Glen Greenwald writes about a report from HHS that claimed that the Russians tried to hack into the election systems of 21 states in the run-up to the election. The trained hamsters reacted to the story by getting the vapors. Greenwals writes:
They [the media and some Democrats] were one small step away from demanding that the election results be nullified, indulging the sentiment expressed by #Resistance icon Carl Reiner the other day: “Is there anything more exciting that [sic] the possibility of Trump’s election being invalidated & Hillary rightfully installed as our President?”

So what was wrong with this story? Just one small thing: it was false. The story began to fall apart yesterday when Associated Press reported that Wisconsin – one of the states included in the original report that, for obvious reasons, caused the most excitement – did not, in fact, have its election systems targeted by Russian hackers.

The spokesman for Homeland Security then tried to walk back that reversal, insisting that there was still evidence that some computer networks had been targeted, but could not say that they had anything to do with elections or voting. And, as AP noted: “Wisconsin’s chief elections administrator, Michael Haas, had repeatedly said that Homeland Security assured the state it had not been targeted.”

Then the story collapsed completely last night.
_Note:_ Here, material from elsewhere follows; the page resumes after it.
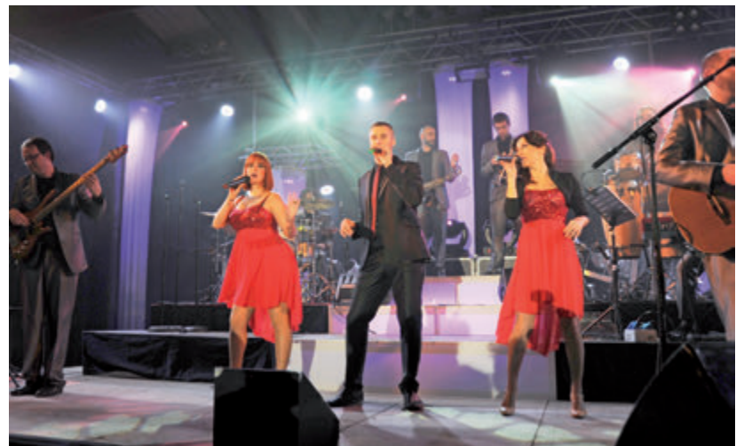
L'orquestra Júniers va posar el toc musical a la nit de Carnaval.

The Secretary of State for another one of the named states, California, issued a scathing statement repudiating the claimed report:

Sometimes stories end up debunked. There’s nothing particularly shocking about that. If this were an isolated incident, one could chalk it up to basic human error that has no broader meaning.

But this is no isolated incident. Quite the contrary: this has happened over and over and over again. Inflammatory claims about Russia get mindlessly hyped by media outlets, almost always based on nothing more than evidence-free claims from government officials, only to collapse under the slightest scrutiny, because they are entirely lacking in evidence.
There seems to be a pattern here. Outrageous claims drive hysteria by the Trump Derangement Syndrome crowd, followed by actual evidence that the original claims were blatantly false, followed by a quick pivot by the #nevertrumpers to yet another false claim.

Greenwald asks a question in his article's title that seems wholly appropriate: "Is skepticism permissible yet?"